AI for Real-Time Transaction Monitoring
Streaming risk scoring and anomaly detection protect revenue, reduce fraud, and satisfy regulators. This system doesn't just react to suspicious activity; it anticipates potential threats in real-time.
Real-time monitoring scores transactions within milliseconds, blocking fraud, flagging AML concerns, and optimizing approvals. It’s built on a foundation of streaming pipelines, low-latency models, and comprehensive observability.
Audit-Ready Decisions with Reason Codes and Logs
By providing precise insights, this system significantly reduces manual reviews and dispute volumes. This streamlined approach enhances efficiency and accuracy.
Key data points include device information, session details, velocity metrics, BIN/MCC codes, geolocation data, and sophisticated behavioral biometrics – all contributing to a comprehensive audit trail.
Login and Session Risk Scoring with Device/Behavior Checks
The system performs thorough beneficiary verification, monitors velocity patterns, assesses proximity to sanctions lists, and analyzes device behavior. This multi-layered approach strengthens security at every stage.
Crucially, it identifies chargeback and dispute risks during onboarding and ongoing checks, proactively mitigating potential losses.
Frequently asked questions
What is the role of model cards, change control processes, and challenger testing in maintaining a robust AI system?
Model cards provide transparency into the AI’s decision-making process, while change control ensures responsible updates. Challenger testing – where an independent team challenges the AI's outputs – helps identify potential biases or errors, along with rollback plans for rapid correction if needed.
How does this system ensure the protection of Personally Identifiable Information (PII) while facilitating audit trails?
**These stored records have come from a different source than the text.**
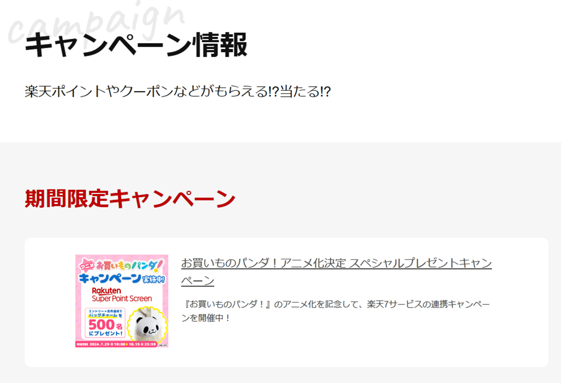 最後は、キャンペーンに参加することです。楽天Super Pont Screenでは、楽天ポイントがもらえるキャンペーン情報が毎日更新されます。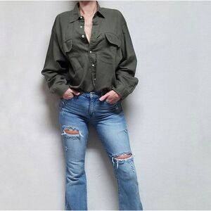 Vintage 1990s Tommy Hilfiger Army Green Linen Unisex Button Up Long Sleeve Shirt.
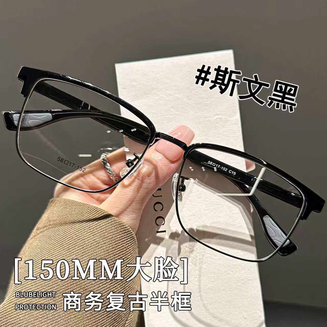 潮痞帅纯钛复古半框眼镜男款大脸可配近视防蓝光超大框160mm镜架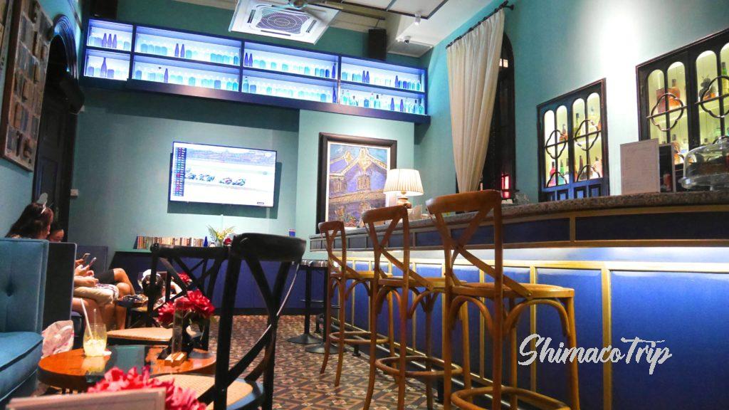 食後は1階にあるバーに移動します。こちらもブルー基調で静謐な佇まい。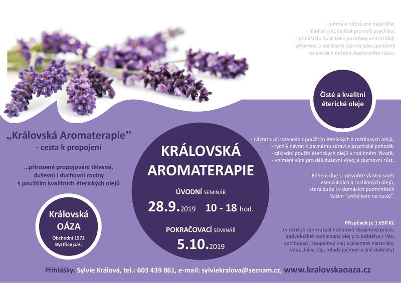 Královská Oáza zve na úvodní seminář s názvem KRÁLOVSKÁ AROMATERAPIE. Seminář proběhne v sobotu 28. září 2019 od 10.00 do 18.00 hodin v Královské Oáze, Obchodní 1572, Bystřice pod Hostýnem. Přihlášky: Sylvie Králová, tel.: 603 439 861, email: sylviekralova@seznam.cz. Příspěvek činí 1 650 Kč. Pokračovací seminář proběhne v sobotu 5. října 2019.
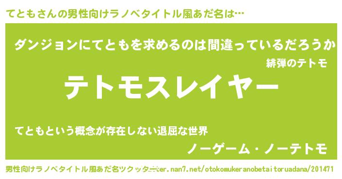 | 胡散臭い通販商品みたいなあだ名 | 『信頼と実績のサプリメント…その名も「てとも」』 |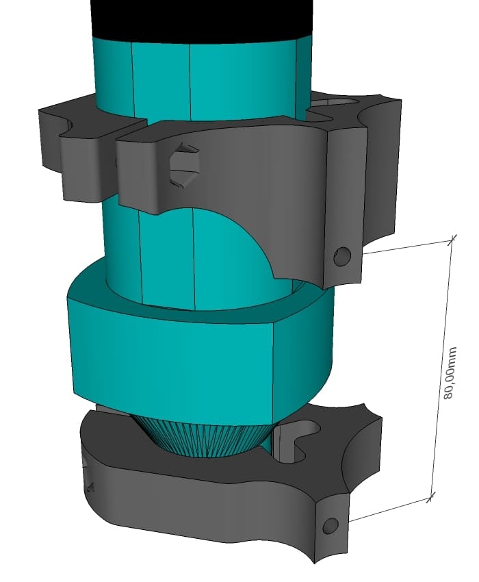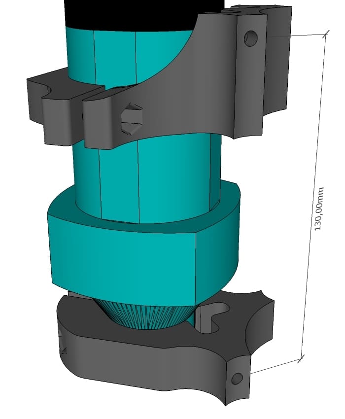 Exemple : pour les broches Parkside et OTG la côte est de 80mm et/ou 130mm en fonction du montage retenu (déport vers le bas ou vers le haut). La pièce de maintien des écrous (Nut_Trap_Primo) sera remplacé par Nut_Trap_Primo_Extended. On peut bien évidemment percer les 3 trous sur chacun des tubes Z. Voir ci-dessous.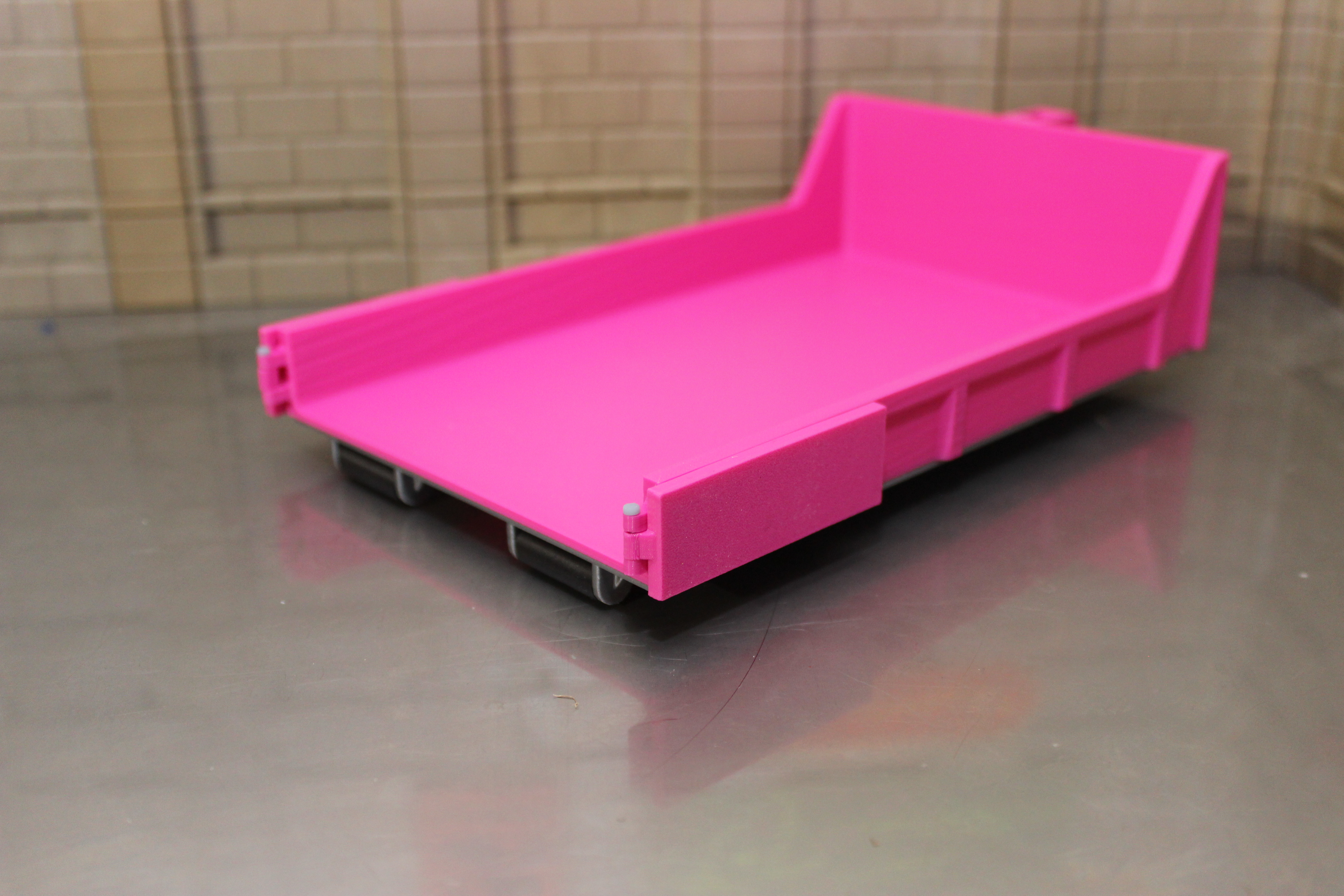 The skip can be pulled onto a swap body vehicle. Its flat design makes it possible to load material into the skip using a mini excavator.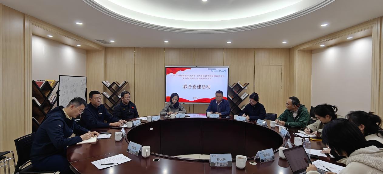 3月28日下午,missav机关党委继教院党支部与江苏省社会体育管理中心党支部、江苏省社会体育指导员协会党支部在学校举行联合党建活动。机关党委书记王丽雅出席交流座谈会,继教院党支部书记、副院长朱海峰主持会议。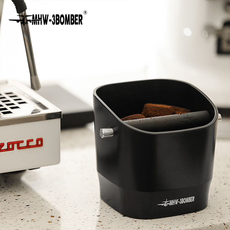 MHW-3BOMBER Espresso Knock Box Dismountable Knock Bar and Non-Slip Base Square Coffee Grounds Trash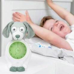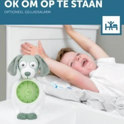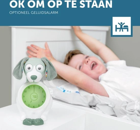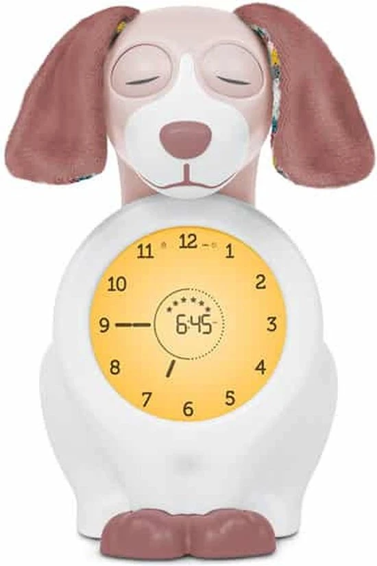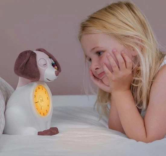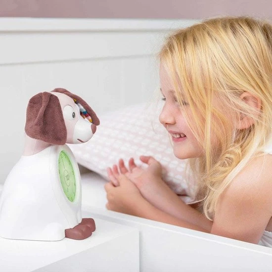 Wanneer Davy the Dog de ogen opent (op een door papa of mama ingestelde tijd), het schermpje groen oplicht en het zonnetje op het scherm verschijnt, is het tijd om op te staan. Dit kan met of zonder geluid gebeuren, zodat je kindje, als het nog lekker slaapt, niet per sé wakker gemaakt hoeft te worden.

The system encrypts PII at rest and in transit, minimizes data retention periods to comply with regulations, and meticulously logs all access for comprehensive audits. This dual approach guarantees both security and accountability.
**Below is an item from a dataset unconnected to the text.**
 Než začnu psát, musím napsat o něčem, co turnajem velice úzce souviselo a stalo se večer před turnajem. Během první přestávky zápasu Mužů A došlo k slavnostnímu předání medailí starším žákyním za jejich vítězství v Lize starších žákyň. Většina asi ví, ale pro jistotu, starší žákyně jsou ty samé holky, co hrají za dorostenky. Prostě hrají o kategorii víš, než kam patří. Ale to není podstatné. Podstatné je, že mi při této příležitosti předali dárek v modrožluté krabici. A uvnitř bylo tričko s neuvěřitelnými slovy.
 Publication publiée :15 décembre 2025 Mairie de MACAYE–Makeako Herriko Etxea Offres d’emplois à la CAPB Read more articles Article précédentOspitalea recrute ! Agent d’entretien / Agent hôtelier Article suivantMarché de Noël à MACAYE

Beyond simply tracking chargeback rates, what specific metrics does the system monitor to assess risk?
The system tracks chargeback rate, manual review volume, step-up rate (the frequency of increased transaction values), and uptime – all critical indicators of operational health and potential vulnerabilities. It also incorporates detailed logs for thorough analysis.
What level of device and behavioral intelligence can we expect, and how does it integrate with issuer collaboration?
We anticipate richer device/behavioral intelligence – including detailed device characteristics, session patterns, and biometric data. Crucially, this integrates seamlessly with issuer-side collaboration and policy-aware LLM copilots for analysts, all underpinned by stronger reliability engineering practices.
▶ Try it live
Everything above runs in your browser — open Hash Function Avalanche Visualizer and change the parameters while it is running. Nothing is installed, nothing is uploaded, the whole model lives in one tab.